Medizin populär, Dezember 2001

"Kreuzschmerz"

Wenn zwei das Gleiche tun, kommt bekanntlich noch lange nicht dasselbe dabei heraus. Auch mit der Last von Schmerzen gehen Menschen sehr verschieden um. Wenn man bei Kreuzschmerzen das Richtige tut, kann man sich aber sehr viel ersparen. Lesen Sie hier, wie.

Im Umgang mit Kreuzschmerzen haben sich zwei Typen herauskristallisiert, erzählt Primarius Univ. Doz. Dr. Friedrich, Orthopädisches Spital in Wien, von den neuesten Erkenntnissen der Experten: „Vermeider“ und „Bewältiger“. Beide Verhaltensweisen sind nachvollziehbar und verständlich. Nur dass die „Vermeider“ sich unter Umständen ein chronisches Leiden mit einem enormen Verlust an Lebensqualität und natürlich auch Kosten einhandeln.

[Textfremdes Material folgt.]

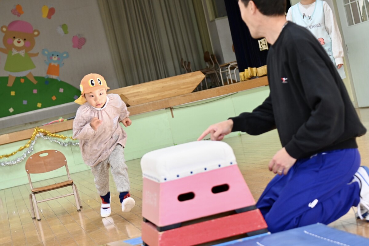 岡田先生は未就園児体操教室『ぱわふる』も担当していて、ひよこ組はそちらに一緒に参加しています✨ひよこ組・年長組の運動遊びの様子は、また次の機会に紹介しますね☺️

Kurt B. 43, ist ein „Vermeider“. Seine Rückenschmerzen hat er seit dem Wochenende. Da hat er den Keller aufgeräumt und alles mögliche hin und her geschleppt. Dass in seinem Bastelparadies Ordnung herrscht, macht ihn zwar sehr zufrieden, aber das Kreuz, das Kreuz. Nein in die Arbeit kann er heute nicht. Er muss liegen bleiben. Sicher besser, wenn er sich schont. Da könnte ja wer Weiß-Gott-was draus werden... Nach zwei Wochen ist tatsächlich nichts besser geworden.

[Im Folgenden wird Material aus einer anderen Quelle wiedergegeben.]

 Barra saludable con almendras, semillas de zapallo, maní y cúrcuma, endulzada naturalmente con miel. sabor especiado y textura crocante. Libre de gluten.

Frieda M. 48, gehört zu den „Bewältigern“. Seit ein paar Tagen tut ihr der Rücken weh. Seit einiger Zeit ist im Büro wahnsinnig viel zu tun. Sie schreibt und schreibt und schreibt... Wenn Frieda nach Hause kommt, ist auch nicht viel mit Ausruhen. Es entspricht auch gar nicht ihrem Charakter. Sie hat sogar das Bedürfnis, sich trotz Rückenschmerzen mehr zu bewegen. Sie nimmt leichte Schmerzmittel. In der Mittagspause verzichtet sie auf den rituellen Kaffeehausbesuch, sondern geht mit ihrer Kollegin spazieren. Nach zwei Wochen geht es ihr viel besser.

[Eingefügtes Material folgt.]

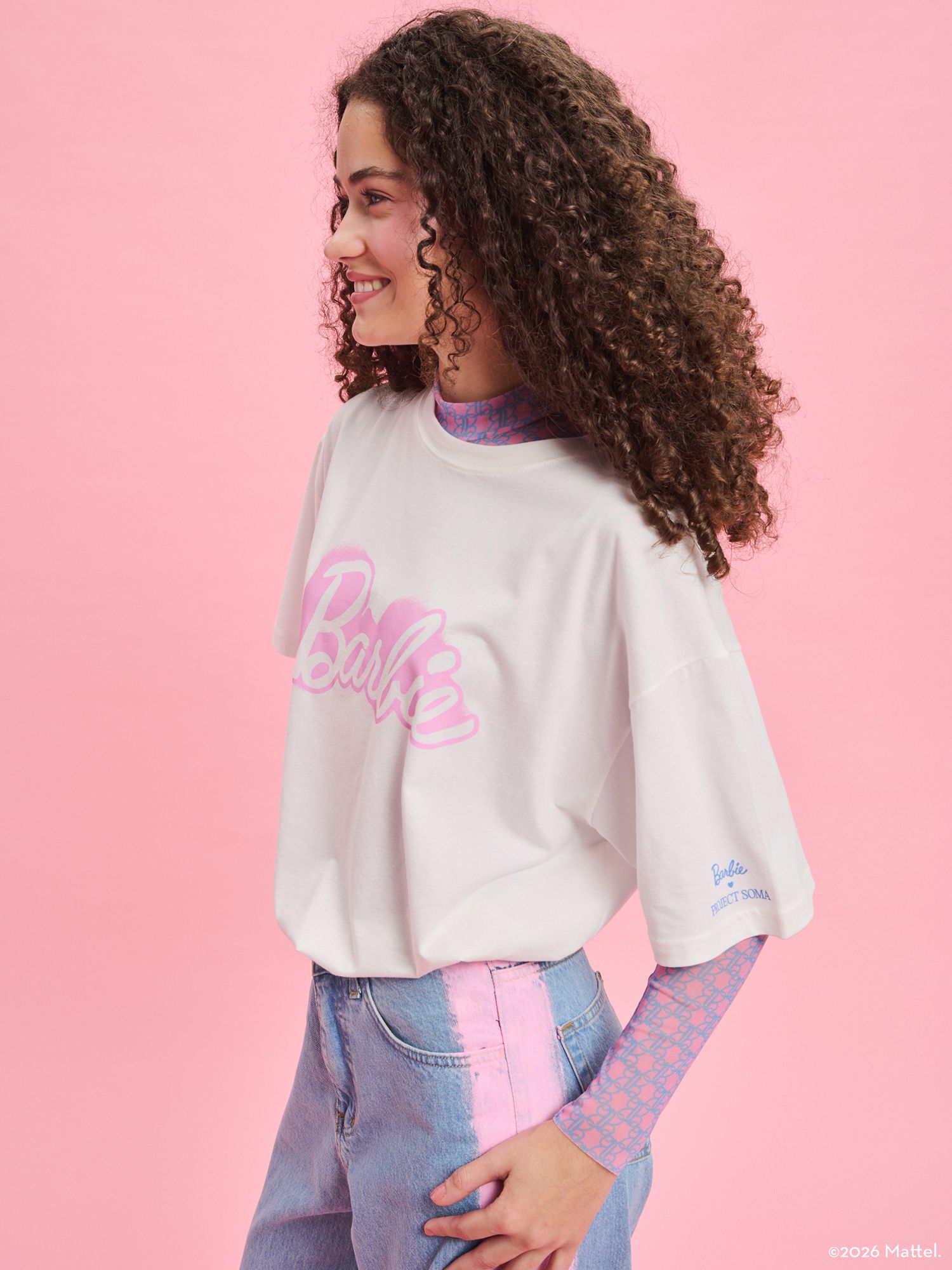 The Barbie X Project Soma Vibrant T-Shirt is crafted from cotton jersey fabric. Oversized T-shirt featuring prints on the front, back, and sleeve.

Beide haben das Gleiche, nämlich „banale“ Rückenschmerzen. Rund 90 Prozent der Rückenschmerzen sind unkompliziert und strahlen nicht ins Bein aus. Dr. Friedrich fasst zusammen: „Diese Kreuzschmerzen gehen meist schon dadurch vorbei, dass man seine gewohnten Aktivitäten soweit es der Schmerz erlaubt, beibehält.“ Vorausgesetzt, man macht es nicht so wie Kurt, schont sich und legt sich hin. Vorbei geht dieses Kreuzweh nur dann, wenn man seine gewohnten Aktivitäten beibehält. Freilich ist Angst vor Schmerzen und „hinlegen“ eine verständliche Reaktion und im Prinzip auch eine sehr sinnvolle. Schließlich sind Schmerzen wichtige und notwendige Warnssignale. Wenn man mit einem verstauchten Fuß herumspaziert, macht man noch mehr kaputt, wenn man mit hohem Fieber aufsteht, riskiert man unter Umständen einen Kreislaufkollaps. Nur: Rückenschmerzen haben sehr oft keine solche Warnfunktion. Sie sind in den meisten Fällen „banal“, können aber – und das ist eben ihre Besonderheit – sehr leicht chronisch werden.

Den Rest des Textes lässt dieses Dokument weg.